EVALUATION OF EVOLVED AND BARCODED XYLOSE FERMENTING STRAINS FOR BIOETHANOL PRODUCTION FROM LIGNOCELLULOSE
Conference poster, 2012
Lignocellulosic raw materials for bioethanol production are today the basis for many ethanol production sites around the world. However, the utilization of engineered yeast strains for second generation ethanol production at large-scale can still be improved. Yeasts mainly use the sugars present in the lignocellulosic biomass but, toxic compounds derived from cellulose, hemicellulose and lignin degradation during pretreatment are also found in the media and inhibit yeast growth. Furthermore, wild type Saccharomyces cerevisiae is not able to ferment xylose which could constitute up to 40% of the lignocellulose material. Hence the recombinant yeast strains must be robust and ferment xylose to ethanol with high yields in the presence of inhibitors.
In this study, different evolved xylose fermenting Saccharomyces cerevisiae strains have been compared in ethanol production processes from lignocellulosic hydrolysates. The differences between using single cell transformants and mixed populations will be evaluated in terms of ethanol production in large scale bioreactors.

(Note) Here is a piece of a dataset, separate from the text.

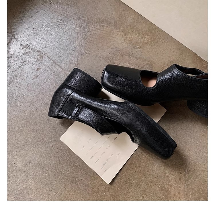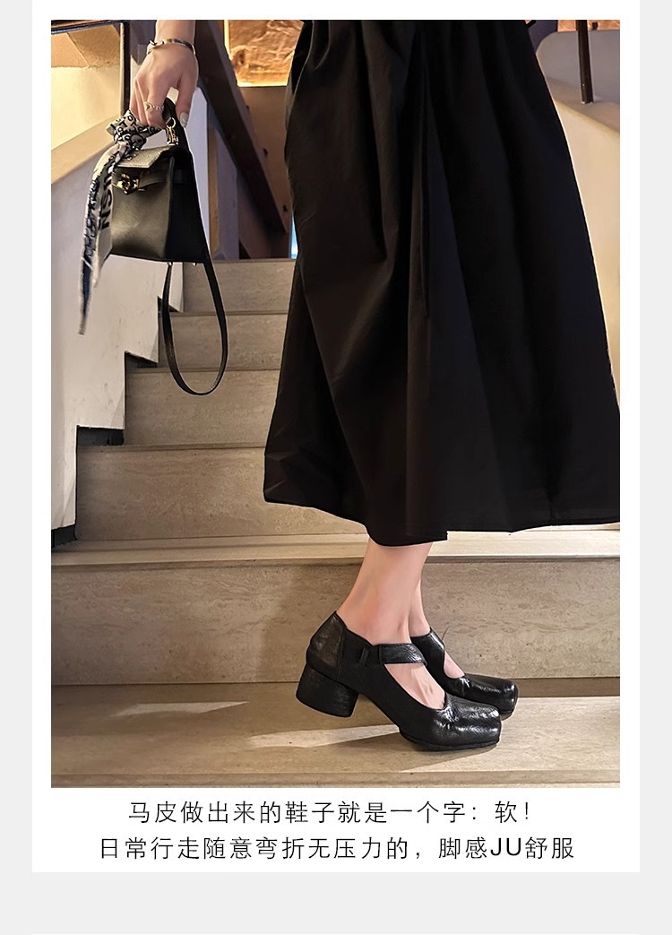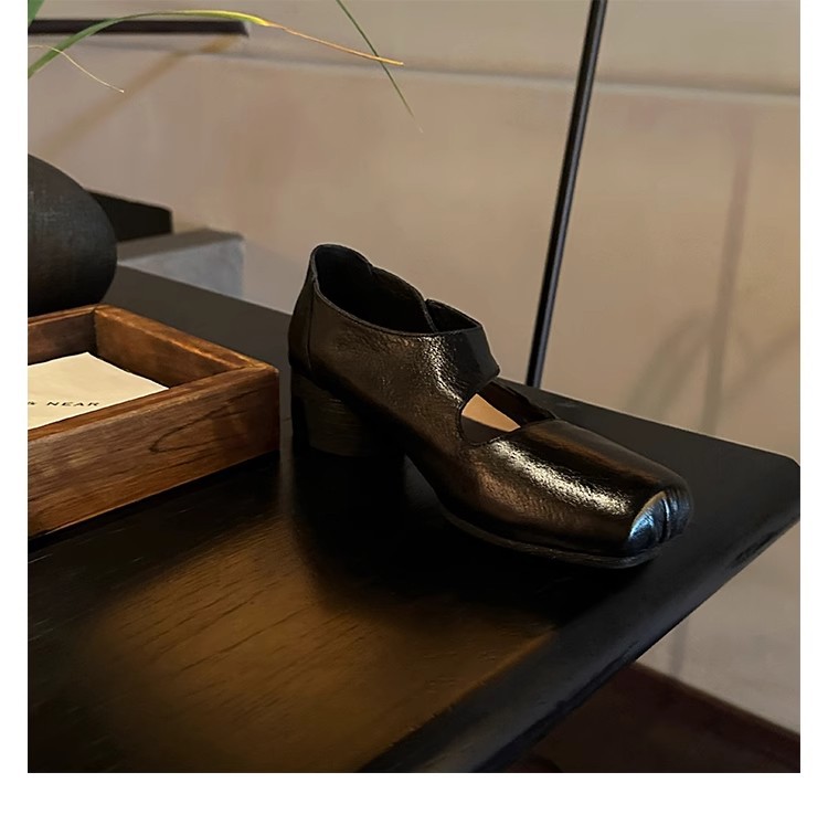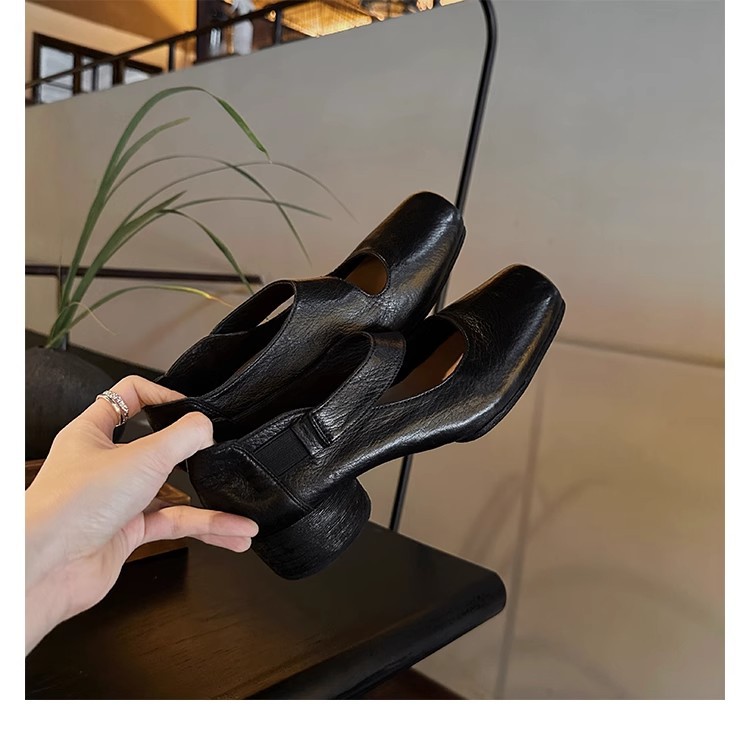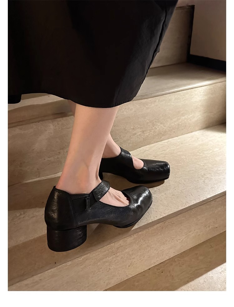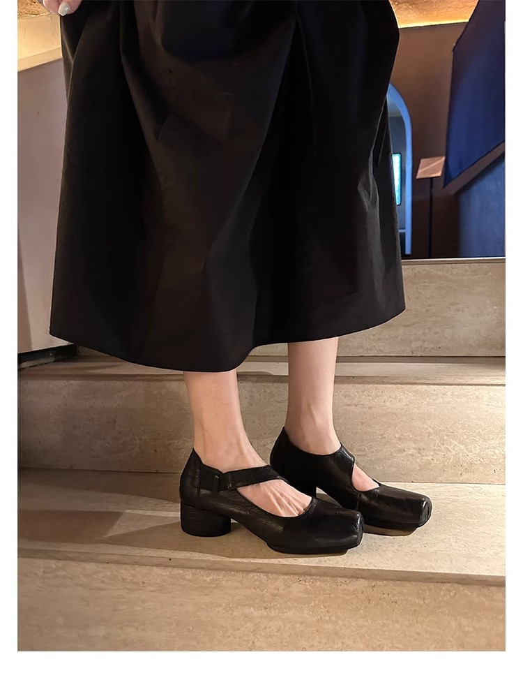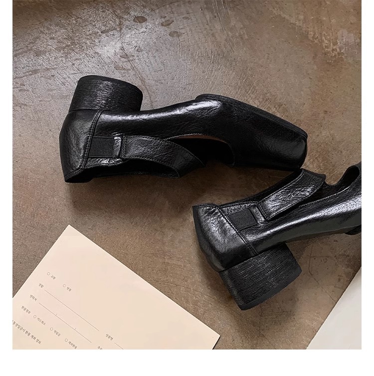 포도 엄마 같은 신발 하이 엔드 텍스처 말 가죽 스퀘어 두꺼운 힐 소프트 하이힐 발레 슈즈

Furthermore, we have established a method to barcode the evolved yeast strains in order to be able to verify their origin. It is of outmost importance that after barcoding the original characteristics of a yeast strain are maintained. Those requirements can only be fulfilled by using a dominant selection principle. We have obtained a few hundred transformants that were shown to contain the new unique barcode DNA sequence via DNA isolation and DNA sequencing. The transformed strains must be able to grow on the lignocellulosic material and consume xylose at the same rate as before the transformation which also was tested in this study.